The highest common factor (HCF) of 336 and 54 is
HCF of \[\left( {336,54} \right) = 2 \times 3\]
\[\therefore \] HCF of \[\left( {336,54} \right) = 6\]
The Least Common Multiple (LCM) of 336 and 54 is
LCM of \[\left( {336,54} \right) = {2^4} \times {3^3} \times 7 \\ \]
LCM of \[\left( {336,54} \right) = 16 \times 27 \times 7 \\ \]
\[\therefore \] LCM of \[\left( {336,54} \right) = 3024 \\ \]
To verify, as we know, the product of HCF and LCM of given two numbers will be equal to the product of given two numbers.
\[HCF\left( {336,54} \right) \times LCM\left( {336,54} \right) = 336 \times 54\]
\[ \Rightarrow \,\,\,6 \times 3024 = 336 \times 54\]
\[\therefore \,\,\,18144 = 18144\]
Hence, verified.

Note: By factoring a number we mean to express it as a product of two numbers or it can also be defined as the division of a given number by some other number such that the remainder is zero.
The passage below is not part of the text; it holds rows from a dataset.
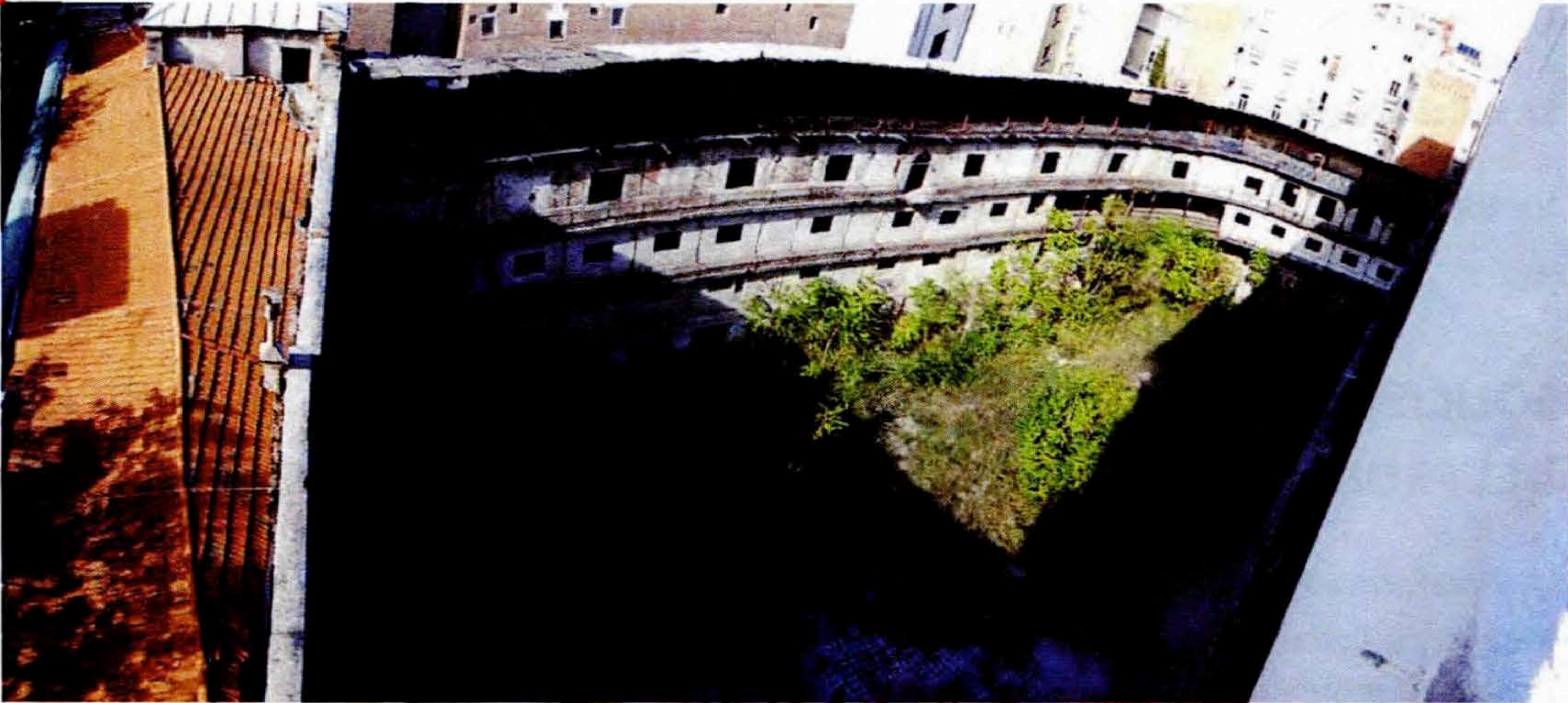
Imagen superior: Vista general de la cubierta del Frontón Beti Jai, tomada el 13 de Noviembre de 2013, en rojo los dos hundimientos reconocibles.
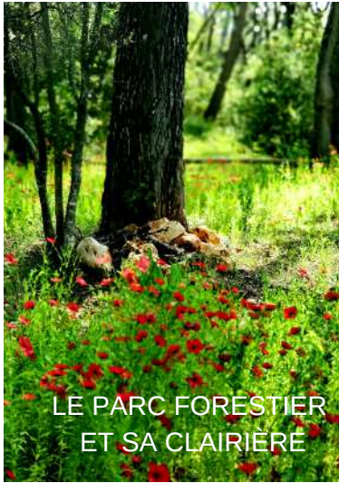
LE PARC FORESTIER ET SA CLAIRIÈRE
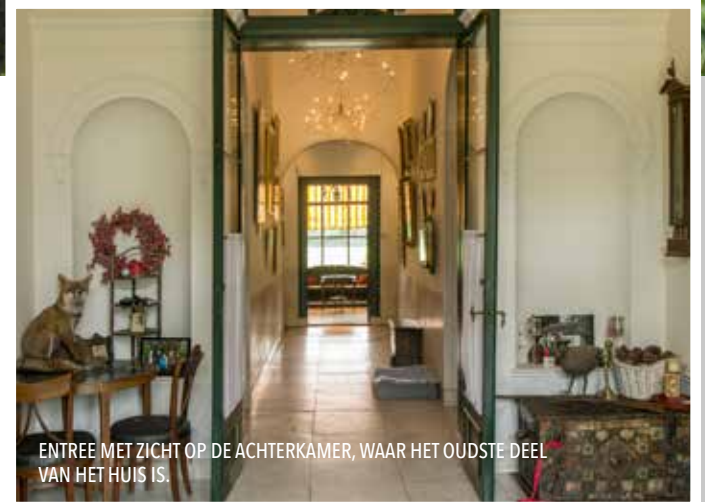
ENTREE MET ZICHT OP DE ACHTERKAMER, WAAR HET OUDSTE DEEL VAN HET HUIS IS.
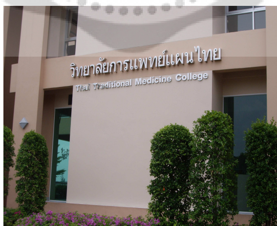
ภาพประกอบ 6 บริเวณด้านข้างอาคารเรียน
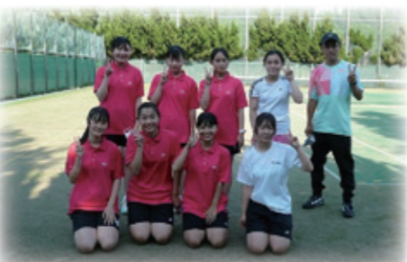
☆女子硬式テニス部
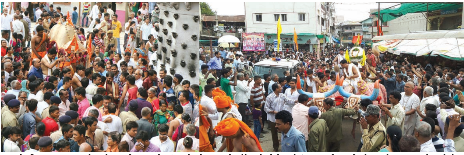
ખેડા જિલ્લાના યાત્રાધામ ઠાકર ખાતે ૨૪૪મી રથયાત્રાનો પ્રારંભ થયો હતો. રથયાત્રાને લઈને આજે વહેલી સવારે મંગળા આરતી બાદ શ્રીજીને બાળભોગ, શણગાર ભોગ અને ગોવાળ ભોગ સહિતના ભોગો ધરાવવામાં આવ્યા હતા. ત્યારબાદ નીજ મંદિર પુલ્યા બાદ આરતી કરી મંદિરના સેવકોએ ભગવાનના રથની પૂજા કરી હતી અને ત્યારબાદ મંદિરની પ્રદક્ષિણા કરી ગોપાલલાલજી રથમાં બિરાજમાન થઈને બહાર આવ્યા હતા. ત્યારે ઉપસ્થિત શ્રદ્ધાળુઓએ જય રણછોડ... માખણચોરના નાદથી વાતાવરણને ગુંજવી મૂક્યું હતું.
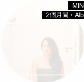
I love green inspiration ITALY

2個月間，Alba已找來30個西班牙博客參與，他們平均一星期更換個人網店的產品，似乎他們很喜愛MINIPOPUP的概念。
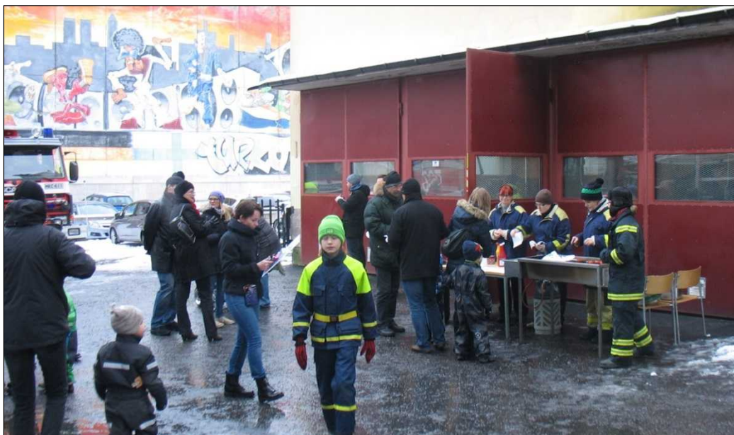
Päivä Paloasemalla tapahtuma 22.11.2015.

Osallistuttiin muiden osastojen kanssa yhdessä joulumyyjäisten järjestelyihin.
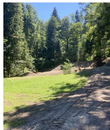
Nach Abschluss der Arbeiten
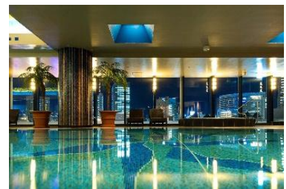
ナイトプール イメージ
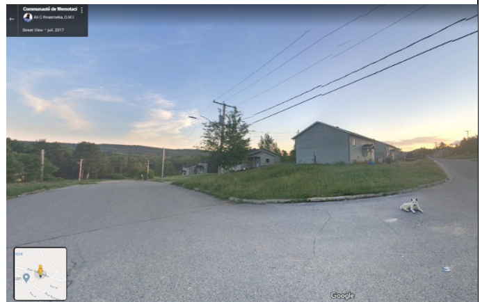
Territoire autochtone – Communauté de Wemotaci ( https://goo.gl/maps/78wd3KxnJVdeq5Cx7 )
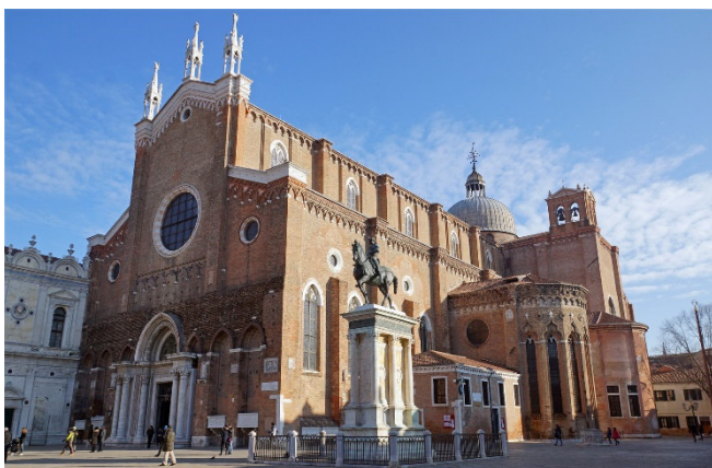
Santi Giovanni e Paolo

Bei einem Stadtspaziergang am Nachmittag besuchen Sie Venedigs größten sakralen Bau, die gotische Basilika Santi Giovanni e Paolo . Im Inneren zeigen 27 prächtige Dogengräber die Entwicklung der Bildhauerkunst Venedigs von der Spätgotik bis zum Barock.
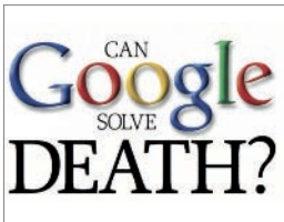
האם בידי גוגל הפתרון לתמותה?

הרבי שליט"א מלך המשיח מתייחס ליעוד זה לא אחת בשיחותיו הקדושות. כך למשל בשבת פרשת ויחי ה'תשנ"ב, הוא מציין שע"י מעשה טוב אחד זוכים לגאולה: "שאז יהיו לכל אחד ואחד מישראל חיים נצחיים כפשוטם, החל מבני ישראל שבדורנו זה, נשמות בגופים, לאורך ימים ושנים טובות, לא רק מאה ארבעים ושבע שנה, כשני חיי יעקב, ולא רק ק"פ (180) שנה כשני חיי יצחק, אלא חיים נצחיים, ועל דרך זה בנוגע לבני ישראל בכל הדורות שלפני זה, ש"הקיצו ורננו שוכני עפר",
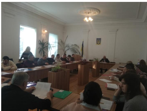
Сесія Устилузької міської ради

роки, розроблену місцевим центром з надання БВПД.
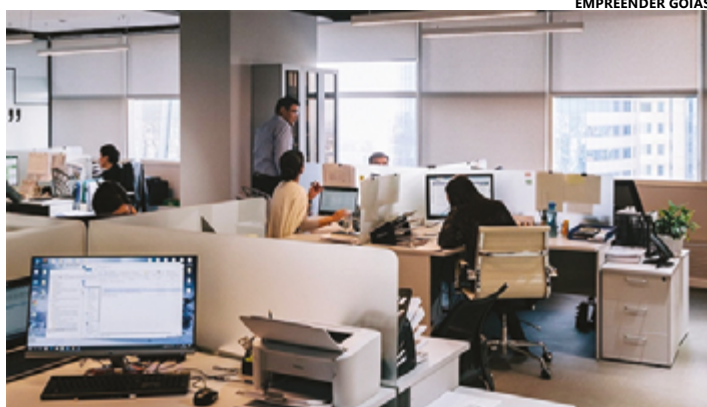
Goiás tem 1,169 milhão de empresas ativas, considerados os MEIs
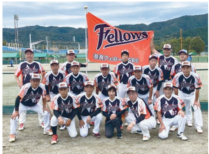
ベスト4に残り喜びに沸く奈良フェローズ SBC。(後列左から2人目)
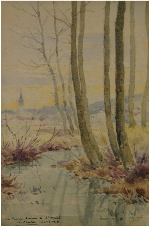
Tableau - "La fausse rivière à saint Mard"
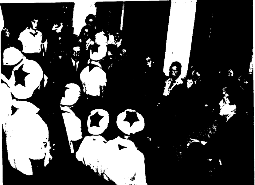
পায়োনায়র্স্ কমান্ডে আলাপ-আলোচনা
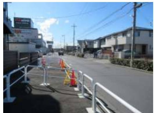
(足立区神明二丁目付近)
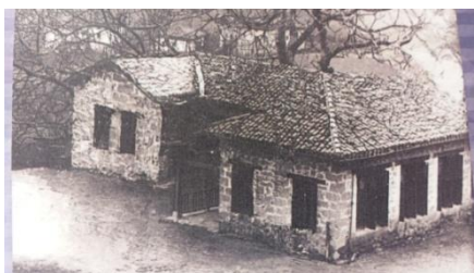
2. irudia: Santa Lucia eraikita
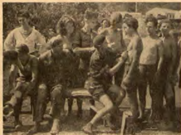
Сдигнен общ медицински преглед, извършен от червенкръстите при Бълг. амбулатория „Д-р Рачо Ангелов“

На кухнята стените варосани и украсени с рисунки, а всички съдове така излъквани и подредени, че нъчно можеше да се
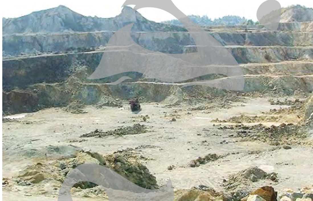
Pentru începerea activității în zona mineralieră se așteaptă avizul Parlamentului

Compania deține la Roșia Montană (Județul Alba), prin concesionarea în vederea exploatarei, cel mai important zăcămint de aur din România, evaluat la aproximativ 300 de tone de aur
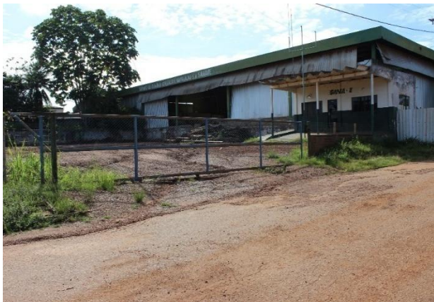
Figura 7 - Local Atual da Área Não Operacional
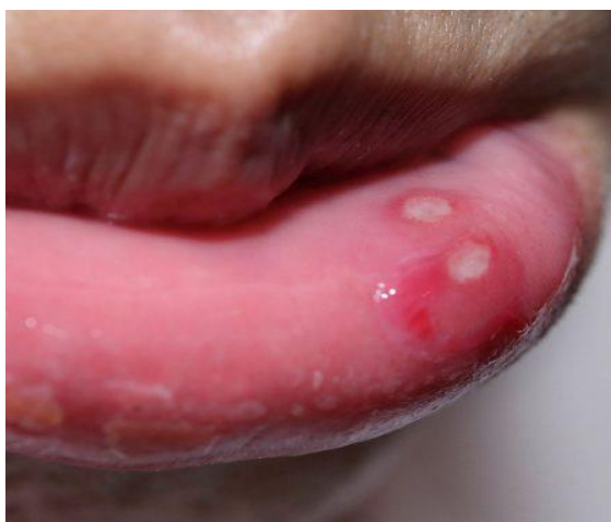
Slika 4.1. Gingivostomatitis herpetica

Herpes simplex virus-1 najčešće se prenosi oralno-oralnim putem odnosno slinom, te uobičajenim socijalnim kontaktom, međutim moguće ga je prenijeti i spolnim putem. Promjene koje se događaju dijele se na primarne koje se odnose na samu infekciju, te rekurentne odnosno ponovnu reaktivaciju virusa koji se nalazi u ganglijima (6). Primarne infekcije kod djece mlađe od 5 godina najčešće prolaze bez simptoma (7). Gingivostomatitis herpetica (Slika 4.1.) kako se naziva primarna infekcija nakon koje ili dolazi do izlječenja ili razvoja rekurentnog oblika infekcije (6). Primarna infekcija praćena je povišenom tjelesnom temperaturom, grloboljom, pojačanom salivacijom, te dolazi do pojave vezikula na bukalnim sluznicama, ždrijelu, hiperemičnim i vulnerabilnim sluznicama gingiva, te na mekom nepcu u usnoj šupljini, vezikule vrlo brzo maceriraju i dolazi do njihovog pucanja (7). Nakon brze erozije vezikula ostaju nakupine malih bolnih erozija (6). Kada govorimo o rekurentnoj infekciji onda se najčešće radi o herpesu labialisu (4.2.). Puno češće se nalazi na donjoj nego na gornjoj usni, bolne vezikule izbijaju te se nakon 48 sati pretvaraju u kruste. Za spontano izlječenje je potrebno od sedam do deset dan. Vrlo rijetko se vezikule pojavljuju unutar usne šupljine, na obrazima, nosu, konjuktivama i rožnici (7).

Usually, negative factors of a number are not considered and the fractions can never be considered as a factor of a number. Factors of a number are defined as all the possible sets of two numbers whose product is equal to the given number. Thus, we should remember the difference between a factor and prime factor and solve a question by keeping the mentioned information in mind.